According to another aspect of the invention, there is provided an
audio recording device for recording a binaural audio signal, the
audio recording device comprising means for receiving audio data
comprising an M-channel audio signal being a downmix of an
N-channel audio signal and spatial parameter data for upmixing the
M-channel audio signal to the N-channel audio signal; parameter
data means for converting spatial parameters of the spatial
parameter data into first binaural parameters in response to at
least one binaural perceptual transfer function; conversion means
for converting the M-channel audio signal into a first stereo
signal in response to the first binaural parameters; a stereo
filter for generating the binaural audio signal by filtering the
first stereo signal; coefficient means (419) for determining filter
coefficients for the stereo filter in response to the binaural
perceptual transfer function; and means for recording the binaural
audio signal.
According to another aspect of the invention, there is provided a
method of transmitting a binaural audio signal, the method
comprising: receiving audio data comprising an M-channel audio
signal being a downmix of an N-channel audio signal and spatial
parameter data for upmixing the M-channel audio signal to the
N-channel audio signal; converting spatial parameters of the
spatial parameter data into first binaural parameters in response
to at least one binaural perceptual transfer function; converting
the M-channel audio signal into a first stereo signal in response
to the first binaural parameters; generating the binaural audio
signal by filtering the first stereo signal in a stereo filter;
determining filter coefficients for the stereo filter in response
to the binaural perceptual transfer function; and transmitting the
binaural audio signal.
According to another aspect of the invention, there is provided a
method of transmitting and receiving a binaural audio signal, the
method comprising: a transmitter performing the steps of: receiving
audio data comprising an M-channel audio signal being a downmix of
an N-channel audio signal and spatial parameter data for upmixing
the M-channel audio signal to the N-channel audio signal,
converting spatial parameters of the spatial parameter data into
first binaural parameters in response to at least one binaural
perceptual transfer function, converting the M-channel audio signal
into a first stereo signal in response to the first binaural
parameters, generating the binaural audio signal by filtering the
first stereo signal in a stereo filter, determining filter
coefficients for the stereo filter in response to the binaural
perceptual transfer function, and transmitting the binaural audio
signal; and a receiver performing the step of receiving the
binaural audio signal.
According to another aspect of the invention, there is provided a
computer program product for executing the method of any of above
described methods.
These and other aspects, features and advantages of the invention
will be apparent from and elucidated with reference to the
embodiment(s) described hereinafter.
BRIEF DESCRIPTION OF THE DRAWINGS
Embodiments of the present invention will be detailed subsequently
referring to the appended drawings, in which:
FIG. 1 is an illustration of an approach for generation of a
binaural signal in accordance with conventional technology;
FIG. 2 is an illustration of an approach for generation of a
binaural signal in accordance with conventional technology;
FIG. 3 is an illustration of an approach for generation of a
binaural signal in accordance with conventional technology;
FIG. 4 illustrates a device for generating a binaural audio signal
in accordance with some embodiments of the invention;
FIG. 5 illustrates a flow chart of an example of a method of
generating a binaural audio signal in accordance with some
embodiments of the invention; and
FIG. 6 illustrates an example of a transmission system for
communication of an audio signal in accordance with some
embodiments of the invention
DETAILED DESCRIPTION OF THE INVENTION
The following description focuses on embodiments of the invention
applicable to synthesis of a binaural stereo signal from a mono
downmix of a plurality of spatial channels.
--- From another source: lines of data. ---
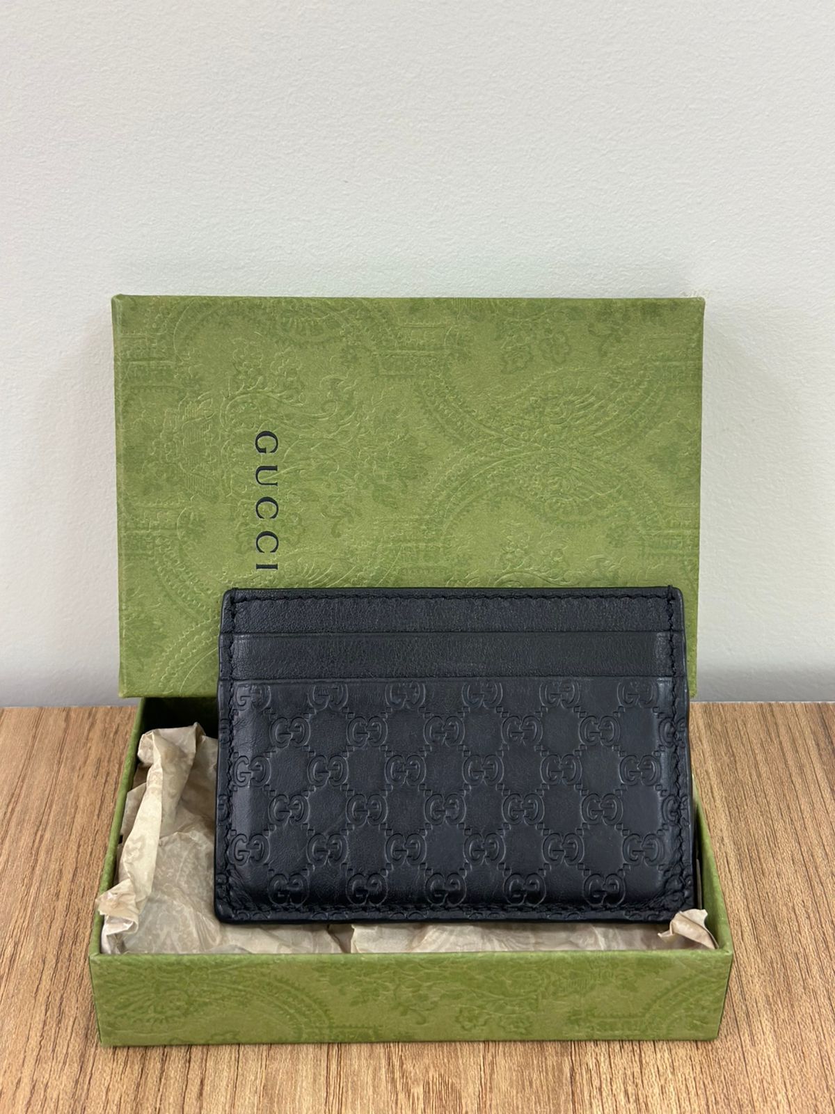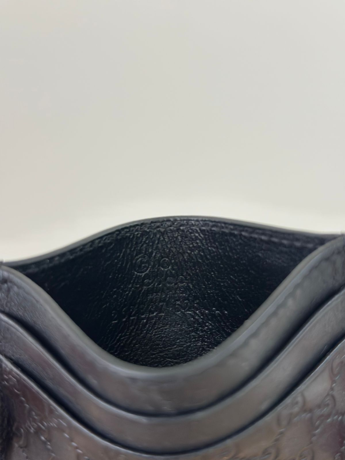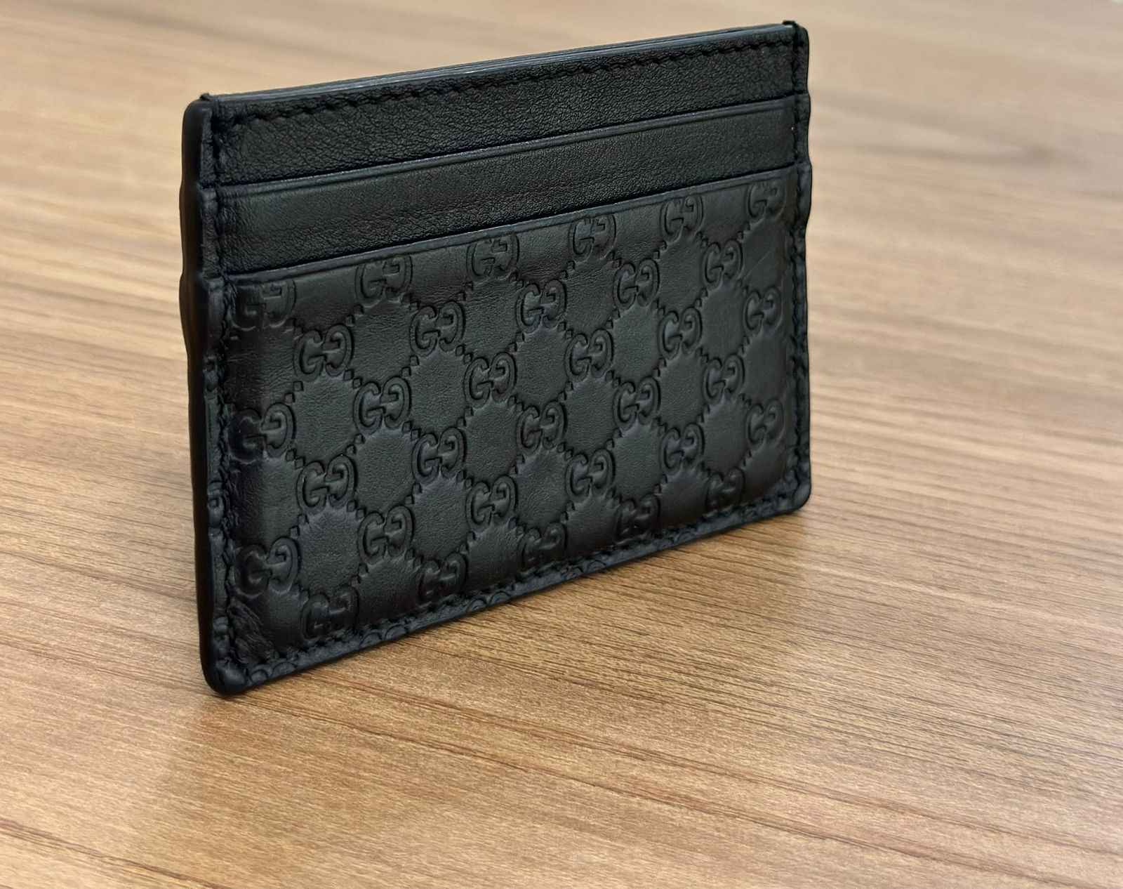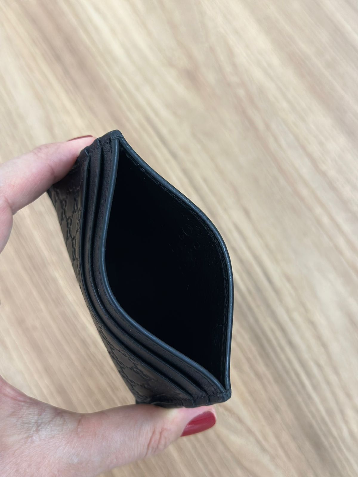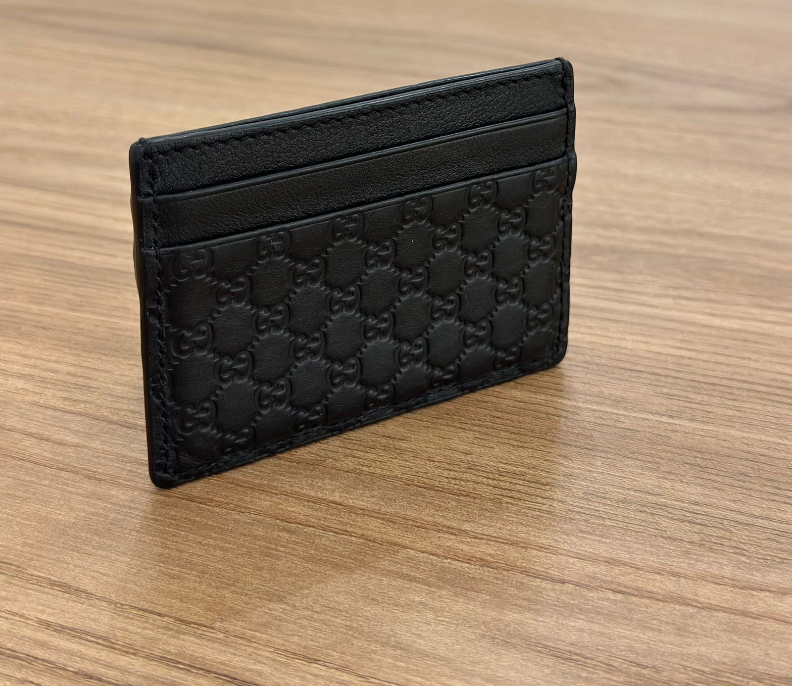 Porta cartões Gucci Microguccissima confeccionado no couro preto, possui compartimentos para cartões, bolso plano que cabe habilitação. Um acessório, elegante e discreto que cabe em qualquer bolsa.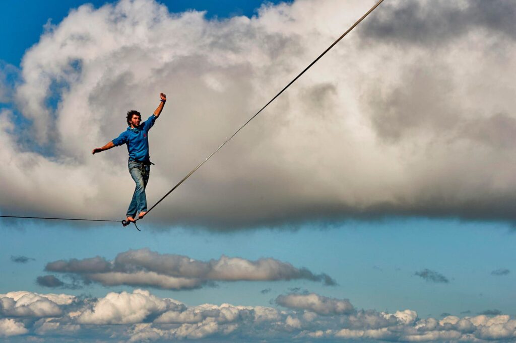 Daniel Laruelle of South Africa walks on the line during the Highline Extreme event in Moleson peak, … More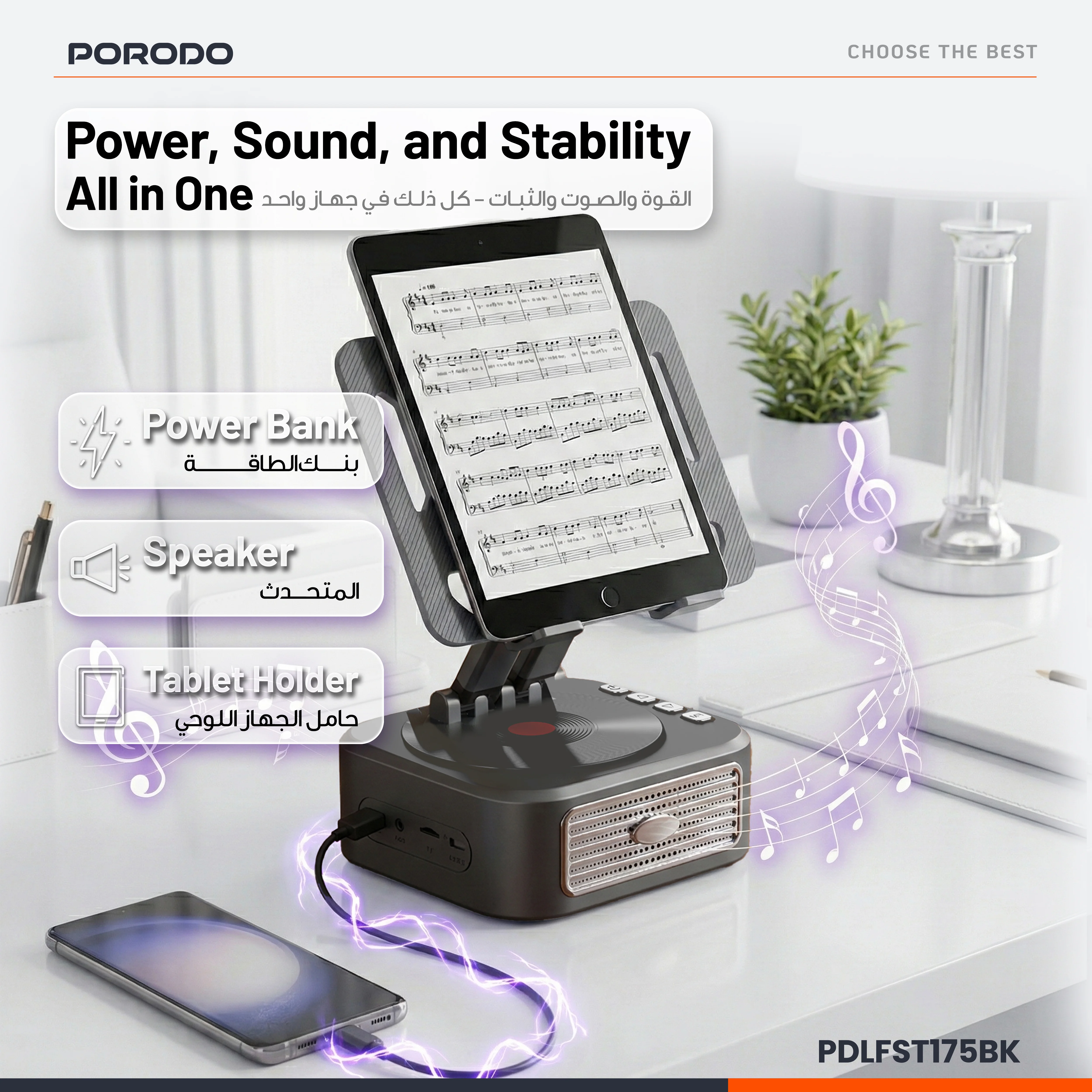 استند و اسپیکر و پاوربانک Porodo PDLFST175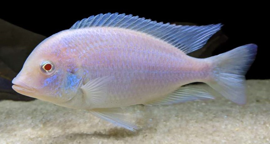 ESTE MALAWI, CONOCIDO POR DELFIN DEL MALAWI POR LA FORMA DE SU CABEZA, ES BASTANTE TRANQUILO, VARIEDAD NUEVA DE COLOR BLANCO A LOS 14 CM.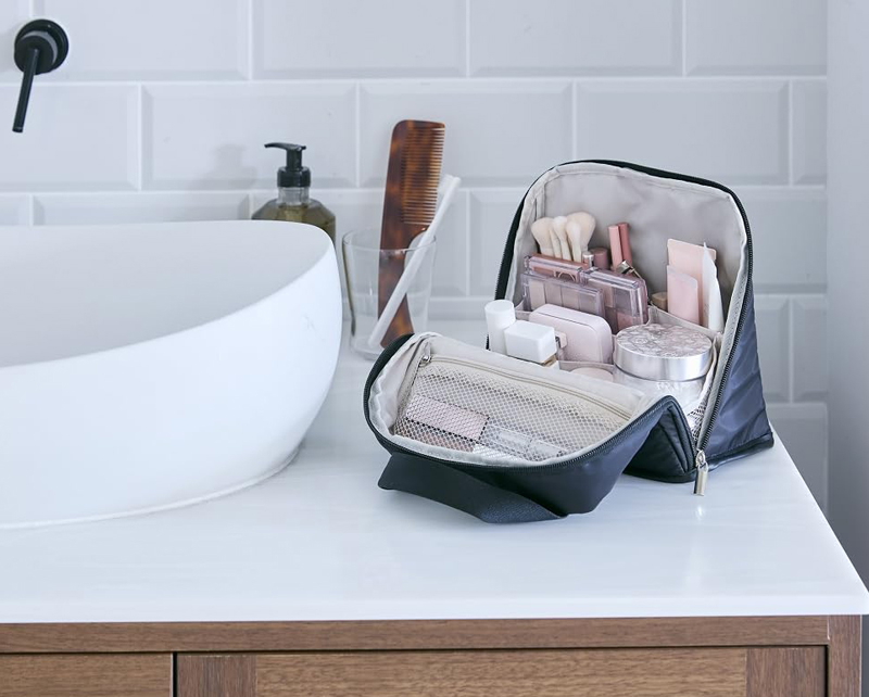 しっかりと自立するので、洗面台などにも置いておきやすく便利。どこでもメイクがしやすいのがうれしい。※はっ水性はありません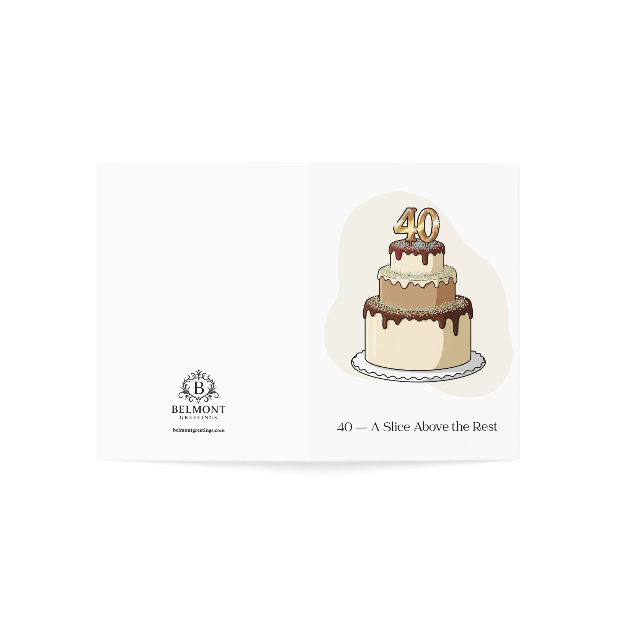 An elegant 40th birthday card featuring a beautifully illustrated tiered cake with dripping chocolate frosting and sprinkles. The sophisticated message "40 — A Slice Above the Rest" celebrates this milestone with class and a sweet compliment. Perfect for someone turning 40 who deserves recognition for being exceptional, accomplished, and truly outstanding.

In particular, the
description will be appropriate for generation of a binaural signal
for headphone reproduction from an MPEG surround sound bit stream
encoded using a so-called `5151` configuration that has 5 channels
as input (indicated by the first `5`), a mono down mix (the first
`one`), a 5-channel reconstruction (the second `5`) and spatial
parameterization according to tree structure `1`. Detailed
information on different tree structures can be found in Herre, J.,
Kjorling, K., Breebaart, J., Faller, C., Disch, S., Purnhagen, H.,
Koppens, J., Hilpert, J., Roden, J., Oomen, W., Linzmeier, K.,
Chong, K. S. "MPEG Surround--The ISO/MPEG standard for efficient
and compatible multi-channel audio coding", Proc. 122 AES
convention, Vienna, Austria (2007) and Breebaart, J., Hotho, G.,
Koppens, J., Schuijers, E., Oomen, W., van de Par, S. "Background,
concept, and architecture of the recent MPEG Surround standard on
multi-channel audio compression" J. Audio Engineering Society, 55,
p 331-351 (2007), However, it will be appreciated that the
invention is not limited to this application but may e.g. be
applied to many other audio signals including for example surround
sound signals downmixed to a stereo signal.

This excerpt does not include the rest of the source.